**DESCRIPTION OF THE TASK**
Copy the entries below exactly; any picture among them should be left out.

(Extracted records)
——

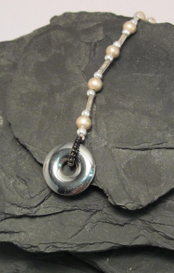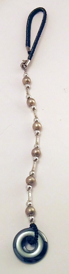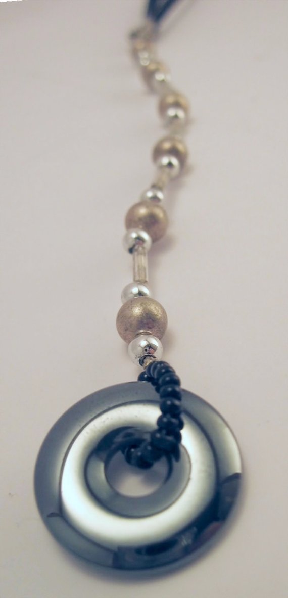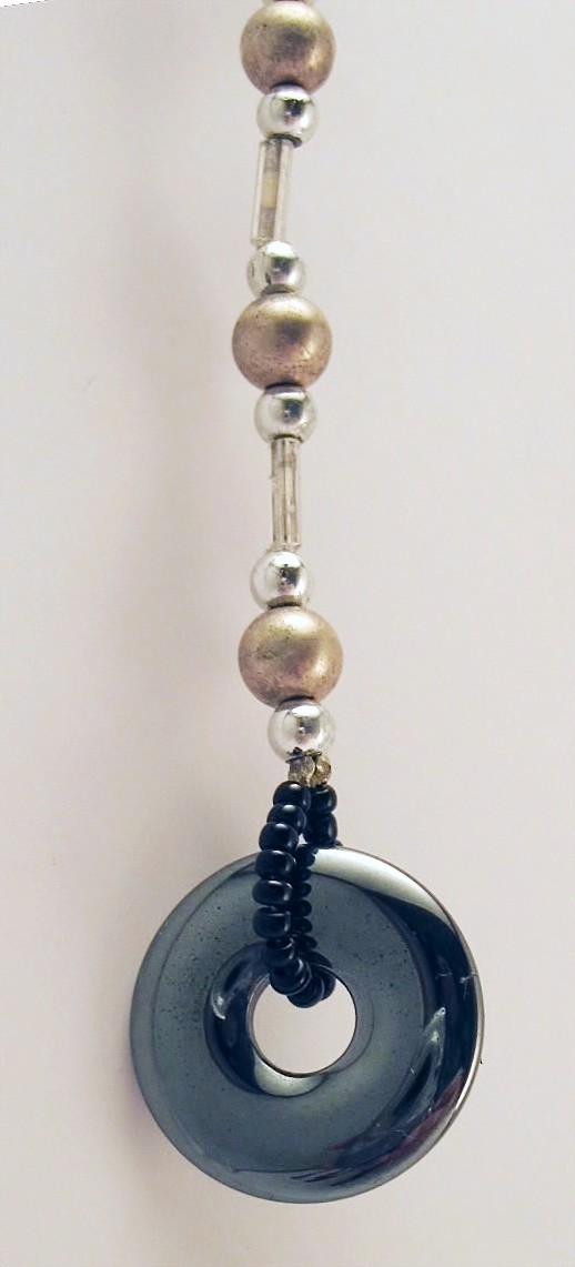 Rear view Mirror Decor – Silver and black glass and metal beads with a shiny little hematite doughnut!
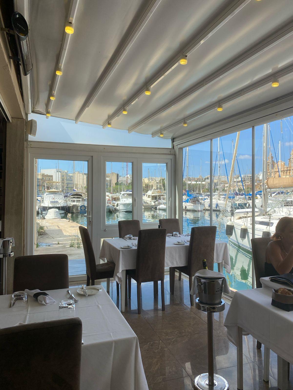 The restaurant is located right by the sea, in the marina area, with a panoramic terrace. The facility is modern and cozy, very well maintained, with bright and charming rooms. There are many decor elements, such as large wine cabinets and paintings, as well as fresh fish counters. Service is very fast and efficient, with special attention to customer needs. Prominent service the very fresh fish also displayed in plain view.
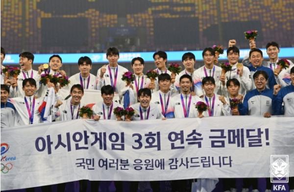 아시안게임 남자 축구 역사상 최초로 3연속 우승을 달성한 건 대한민국이었다. 아시안게임 남자 대표팀이 일본에 역전승을 거두며 대미를 장식했다.
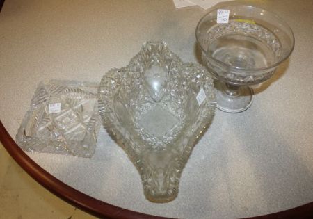 898 Early Glass Lot Early glass lot consisting of cut glass basket/boat 14"w., cut glass square ashtray 6", press glass compote 6"dia.
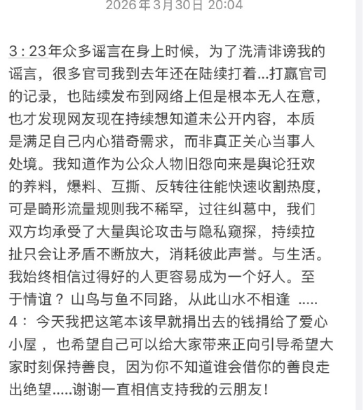他声明捐款是为“彻底终结纠葛”,并呼吁公众“保持善良,给绝望者带来希望”。
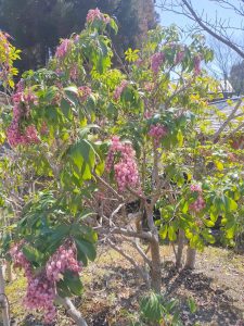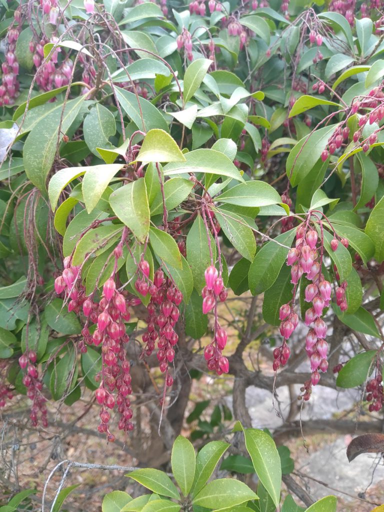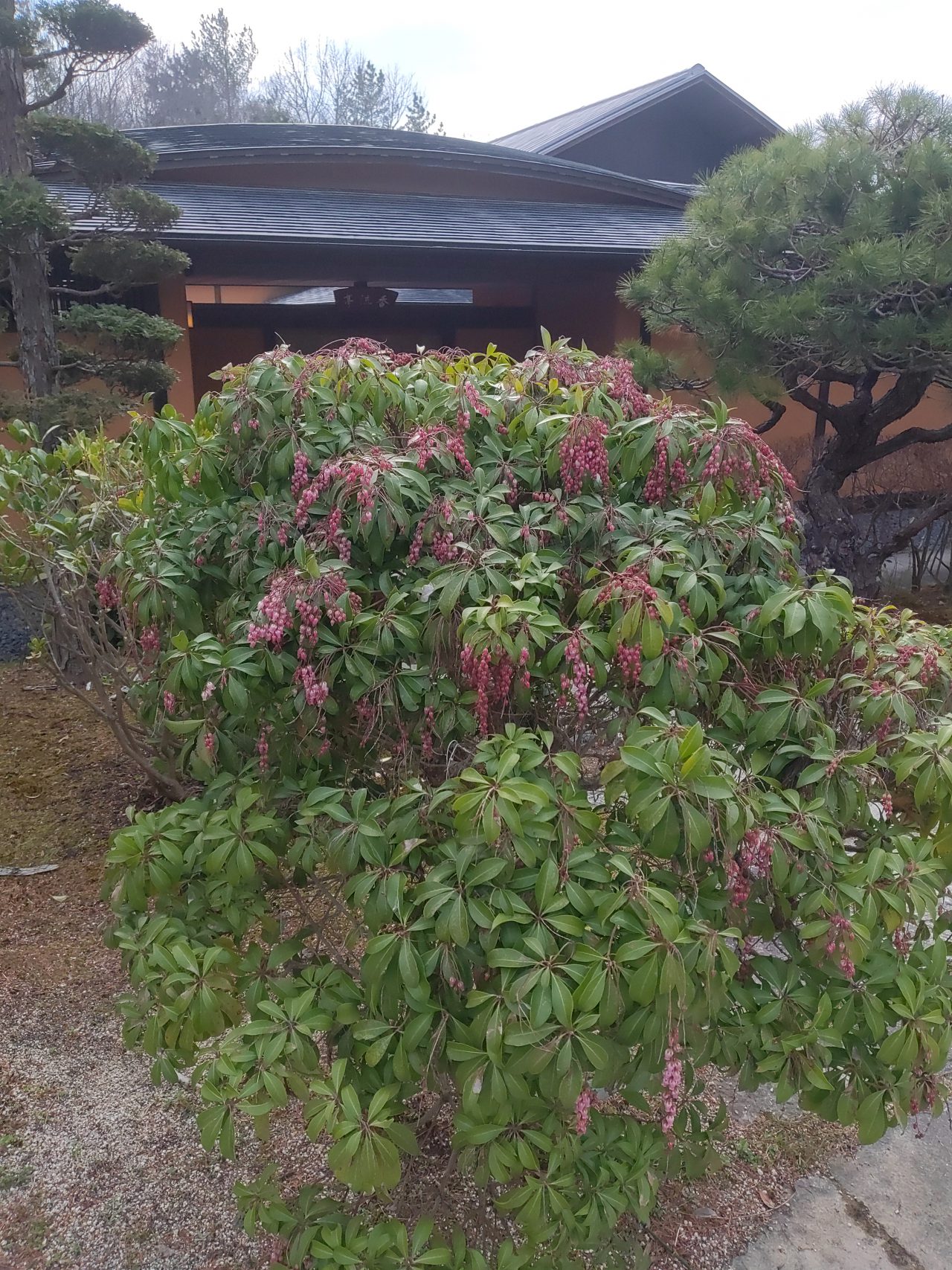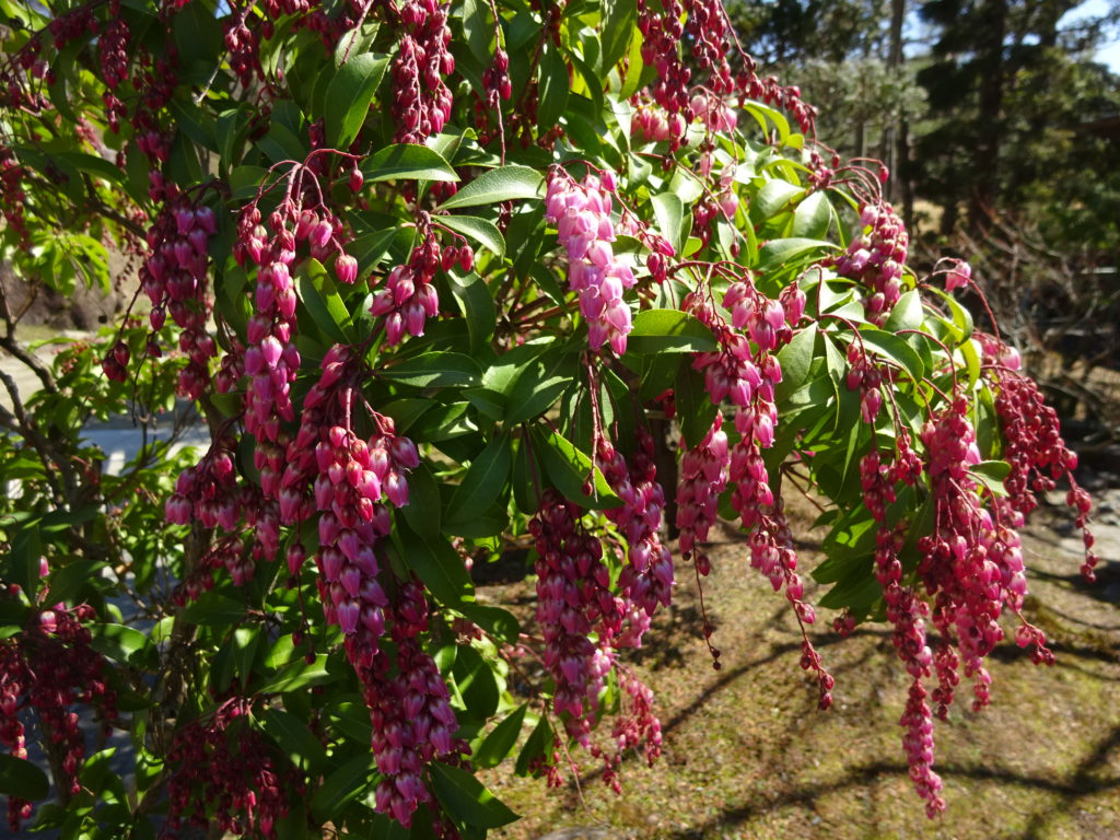 日本庭園茶室「香流亭」の横にあるアセビは薄紅色をしています。

——

**SOLUTION**
 Rear view Mirror Decor – Silver and black glass and metal beads with a shiny little hematite doughnut!
 The restaurant is located right by the sea, in the marina area, with a panoramic terrace. The facility is modern and cozy, very well maintained, with bright and charming rooms. There are many decor elements, such as large wine cabinets and paintings, as well as fresh fish counters. Service is very fast and efficient, with special attention to customer needs. Prominent service the very fresh fish also displayed in plain view.
 아시안게임 남자 축구 역사상 최초로 3연속 우승을 달성한 건 대한민국이었다. 아시안게임 남자 대표팀이 일본에 역전승을 거두며 대미를 장식했다.
 898 Early Glass Lot Early glass lot consisting of cut glass basket/boat 14"w., cut glass square ashtray 6", press glass compote 6"dia.
他声明捐款是为“彻底终结纠葛”,并呼吁公众“保持善良,给绝望者带来希望”。
 日本庭園茶室「香流亭」の横にあるアセビは薄紅色をしています。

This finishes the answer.